For a movie ostensibly all about BDSM, Fifty Shades of Grey is shockingly prudish. It treats BDSM as an alien anomaly, a strange character defect, and not a very common sexual fetish. It's like, a category on porn sites. Sure, it's usually a private thing because most people's sex lives are private, but private isn't the same as outrageously taboo.

You know how The Walking Dead exists in a universe where zombies don't exist as a cultural touchstone? I have to imagine that the same is true for Fifty Shades of Grey and BDSM. Why else do they treat getting turned on by domination and submission as an outrageously deviant burden? It's not like Christian Grey is a werewolf. He just has a Fetlife profile, and the money to upgrade from "Velcro on the bedposts" to "sex room."

Fifty Shades of Grey also has this weird perspective where they see the submissive side of BDSM as total martyrdom, letting yourself be hurt to bring the other person pleasure. But… people are turned on by submission too. A lot of people. BDSM is about finding people who are turned on by power and domination and pairing them with people who are turned on by obedience and pain. If it doesn't turn Anastasia on, she shouldn't do it. Period. BDSM isn't a sacrifice that she should be making for free cars. At one point she literally asks, "What do I get out of it?" And Christian Grey goes, "Me." That is not the correct answer at all! At that point, he should have sat her down and said, "Oh, this is actually supposed to be pleasurable for both parties, and we should talk about things that turn you on in order to make this satisfying all around." Sex shouldn't be a thing she has to endure in order to spend time with him. He shouldn't be blackmailing her with their relationship to get to whip her. But that's what he does! And it's very weird!

So it's strange that neither of them seems aware that there are people who enjoy being submissives in BDSM relationships, but it's also strange that the climax (sorry) of this movie comes about when she asks him to spank her, and he does, and then she freaks out. Anastasia literally asks Christian to spank her because she wants to feel what turns him on, the thing that drives him. He tells her he is going to spank her with a flogger six times. He spanks her with a flogger six times. And then Ana becomes furious and kink-shames him all over the place saying things like, "This is what you like??? This is what turns you on??? Hurting me??? Seeing me like this!?!?!?"

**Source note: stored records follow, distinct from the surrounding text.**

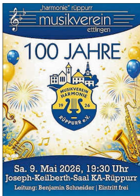
Plakat: Achim Jakob

Am Samstag, 9.5. findet um 19:30 Uhr das Jahreskonzert des mit uns in Spielgemeinschaft musizierenden Musikvereins „Harmonie Rüppurr“ statt. Entsprechend treten auch wir im Joseph-Keilberth-Saal des Wohnstifts Karlsruhe in Rüppurr auf. Wir möchten alle hierzu einladen. Passend zum 100-jährigen Bestehen führt unser Programm durch die Musik der vergangenen 100 Jahre. Man kann auf jeden Fall gespannt sein.
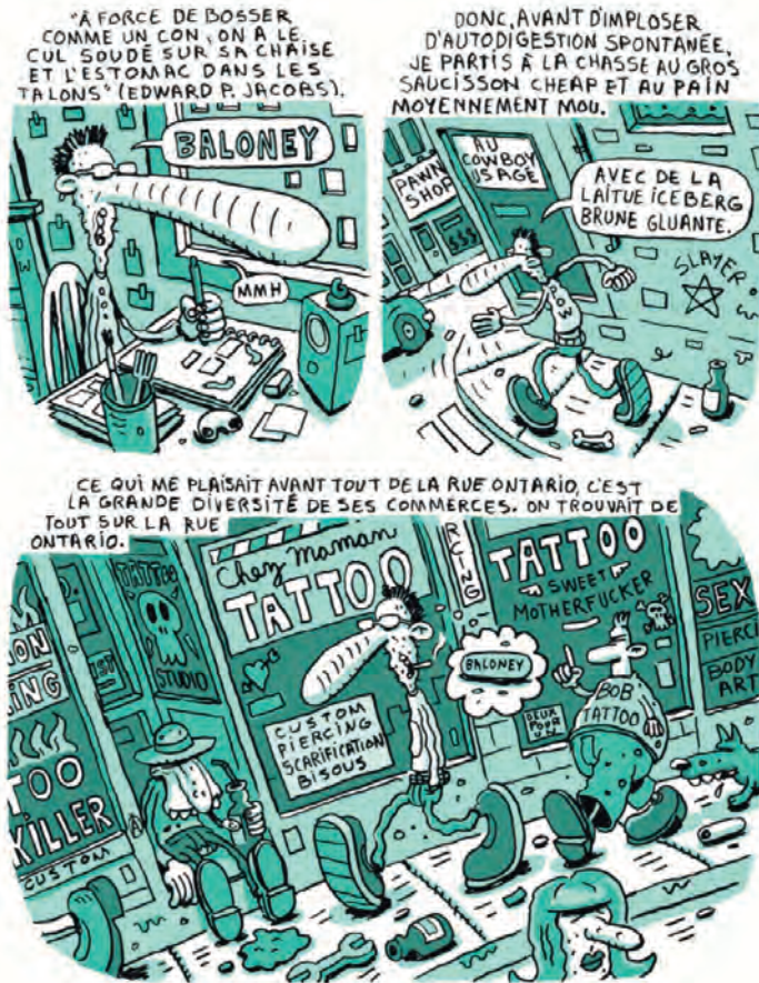
Figure 1 – Richard Suicide, Chroniques du Centre-Sud , Pow Pow, p. 39.

Le quartier Centre-Sud est également le sujet de l'une des histoires de My Life as a Foot , intitulée « South-Center Chronicle », épisode que l'on peut considérer comme annonciateur de l'œuvre de 2014. En plus de ce titre qu'ils partagent, le segment de My Life as a Foot et Chroniques du Centre-Sud entretiennent de nombreuses similarités. Tous deux mettent en scène des personnages qui vivent en marge de la
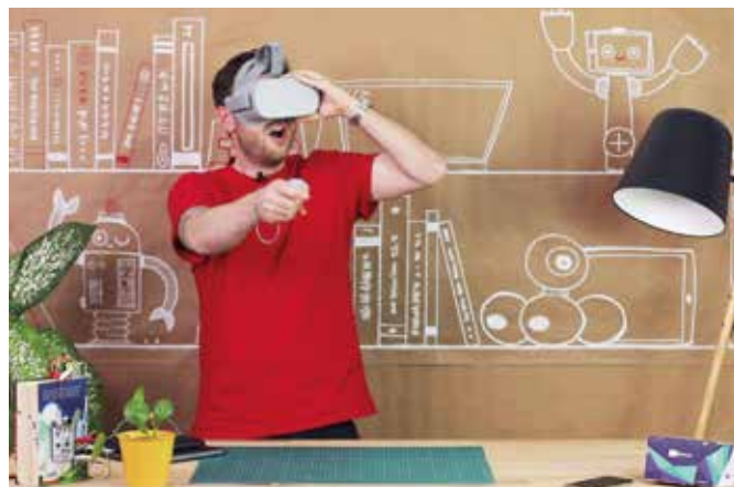
Mithilfe einer Virtual-Reality-Software werden Grundlagen der Programmierung aufgezeigt und es wird gleichzeitig dazu angeregt, selbst kreativ zu werden.

Im vierten Workshop erhalten Jugendliche einen Einblick in das virtuelle Ägypten. Per Virtual-Reality-Software werden Grundlagen
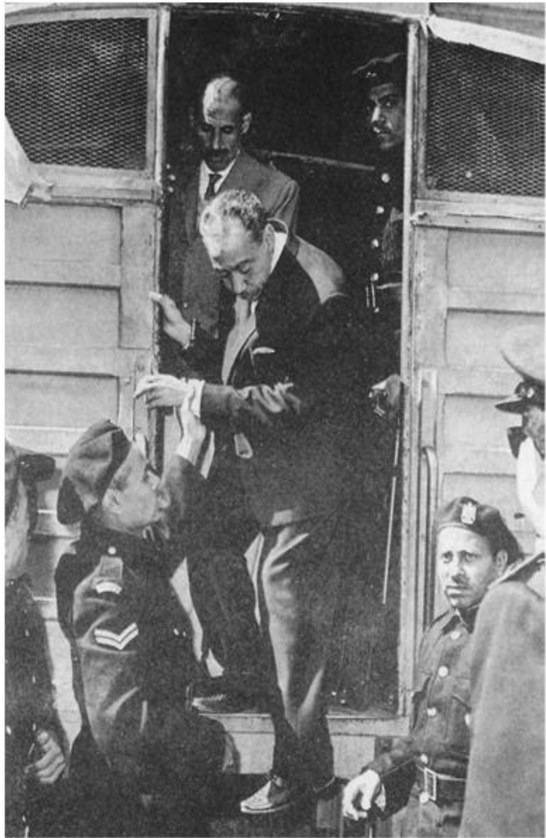
سید قطب او یوسف هوش د محکمی پر لور
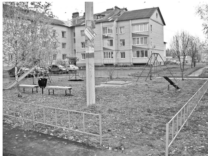
Благоустроенный двор на бульваре Всполье.

Кроме этого, нас подвели поставщики малых архитектурных форм. Скамейки, урны,
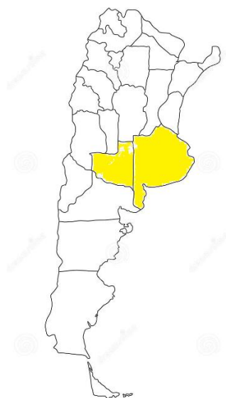
Figura 1: Provincias de La Pampa y Buenos Aires resaltadas en amarillo en el mapa de Argentina.
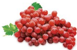
ВИНОГРАД КРАСНЫЙ, 1кг
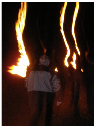
Fackel schön links halten, es stürmt von rechts... (keine politische Anspielung)

Begriff des Anstosses in dieser autonährischen Kategorie fand eindeutig der „Schnorchel“. Warum weiss ich heute noch nicht!? Der Begriff war absolut logisch gezeichnet, die Umgebung wurde sogar ansatzweise korrekt angedeutet... OK zugegeben, der Begriff hätte auch unter Sommerferien kategorisiert werden können, aber wir sind ja vom 4x4 Club.
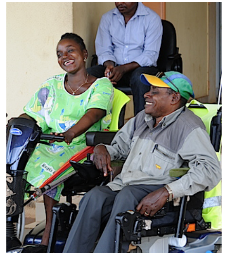
Bénéficiaires du programme Solidarité Handicap.

Depuis sa création, la Fondation SBO pour la Famille soutient avec une attention particulière les populations fragilisées et en grande précarité, notamment les personnes vivant avec un handicap moteur. Au sein de nos Initiatives pour la Solidarité, en accompagnement des Pouvoirs publics, nous œuvrons pour que leurs conditions de vie et d'insertion sociale s'améliorent de jour en jour dans notre pays.
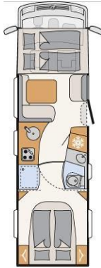
XLI 7820-2 DBM
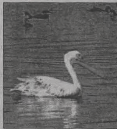
Pelikan czuje się na raszynskim stawie dość swobodnie.

Pelikan, ptak dziwny i tajemniczy, na ogół kojarzy się z Łowiczem, choć nie jestem pewien czy wielu mieszkańców widziało go na własne oczy. Jest jednak znakiem tożsamości nie tylko miasta, lecz także regionu. O Łowiczu mówi się przecież „gród pelikanowy”, jako że ten egzotyczny ptak jest osnową herbu miasta.
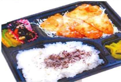
豚しょうが焼き弁当 650円
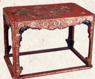
しゅうるしかちょうらでんじよく 朱漆花鳥螺鈿卓
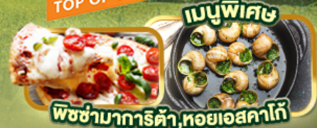
เมนูพิเศษ พิซซ่ามาริตต้า, ทอยเอสคาโก้
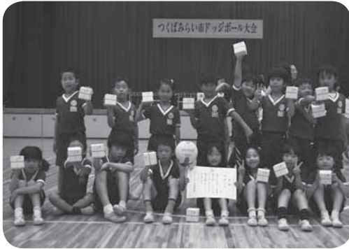
▷低学年の部優勝の小張最強スターズの皆さん
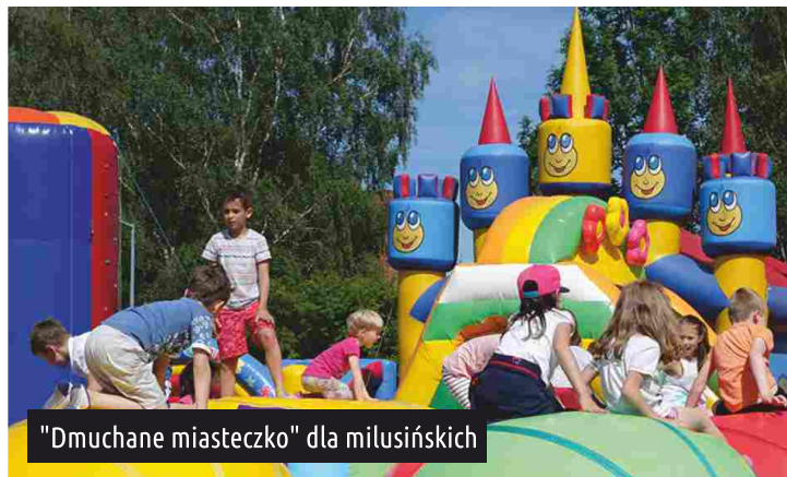
"Dmucane miasteczko" dla milusińskich
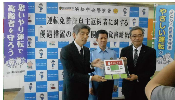
▲浜松中央署との覚書締結式の様子

高齢者による交通事故が増加する中、免許返納後の移動手段に公共交通としてのバス・電車を利用するきっかけをつくることで、運転免許証の自主返納を後押しし、交通事故の抑止につとめました。
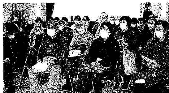
燕会場（中央公民館）

これ以上の増税するな！ 全国一斉に開催されました。 燕民商でも燕、吉田の2会場で開催しました。前日とは打って変わった雨の悪天候となりましたが、多数の納税者で賑わいました。 インボイス制度への対応などもあり、三条新聞社も取材に訪れました。
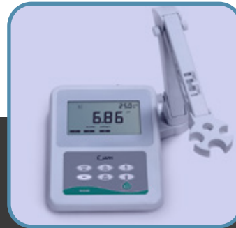
Sala de instrumentación
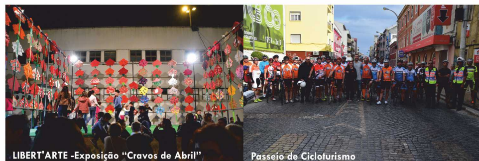
LIBERT'ARTE -Exposição “Cravos de Abril”
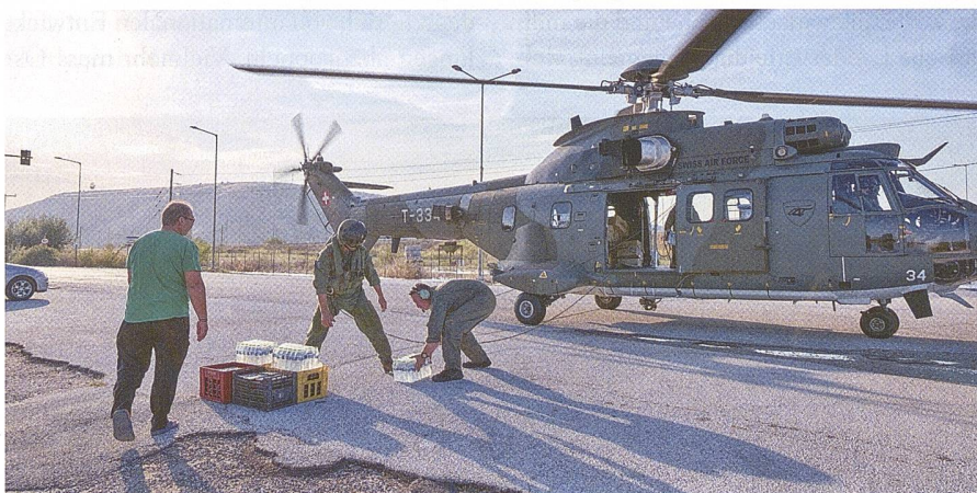
Katastrophenhilfe 2023: Einsatz «ADRIANA» in Griechenland.
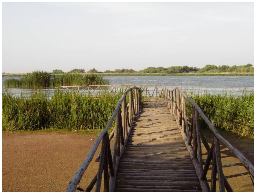
10. kép: A Duna-delta túraútja

Romániában a Duna 12 megyén folyik keresztül: Krassó-Szörény, Mehedinti, Dolj, Olt, Teleorman, Galati, Giurgiu, Calarasi, Constanta, Lalomita, Braila és Tulcea területén ömlik a Fekete-tengerbe. A Duna makrorégióját nagyfokú nyelvi, etnikai és vallási sokszínűség jellemzi. A DATOURWAY transznacionális projekt keretében, amely a Duna középső és alsóbb szakaszain a turizmus fejlesztését tűzte ki célul, a Romániára vonatkozó elemzés azt a tényt támasztja alá, hogy a terület az elégtelen hozzáférhetőség és az alacsony

And it's like…. Girl. That's what BDSM is. You asked him to do that. He did. You have safe words—"yellow" for when you're getting concerned, and "red" for when you want to stop—and you didn't use them. So, yes. You should leave. Obviously you and Christian have completely incompatible sexual preferences in this bizarro vanilla universe.

How does Christian always know where she is?

No fewer than three times in this movie does Christian find Anastasia at some location even though she didn't tell him where she was going to be. The first is at the hardware store—even though she had told him she worked at a hardware store, she didn't tell him which one. The second is at the bar, where she drunk-dialed him. The third is mother-effing Georgia, where she's visiting her mother. Not only does he actually fly across the country, but he's able to show up at the exact restaurant where Ana is eating.

Ethics of his stalking aside, I see a more sinister underlying subtext: digital surveillance. It's incredibly vague what Christian's company does. He's a billionaire with investments all over the world, but the most detail we get is "telecommunications." I posit to you that Christian and his company have the resources to monitor the location of every single cell phone in the country, and the infrastructure so that technology is readily available for their CEO to access.

Fifty Shades of Grey is not a boring film about a couple discussing their turn-ons; it's a subtle and deceptive film about the power we've given technology companies over our lives. It's basically Citizenfour. I humbly contend that Fifty Shades of Grey is the best Black Mirror episode to date, where the exploration of the insidiousness of technology is lurking, almost invisibly, in the background, behind all of the talk about butt plugs.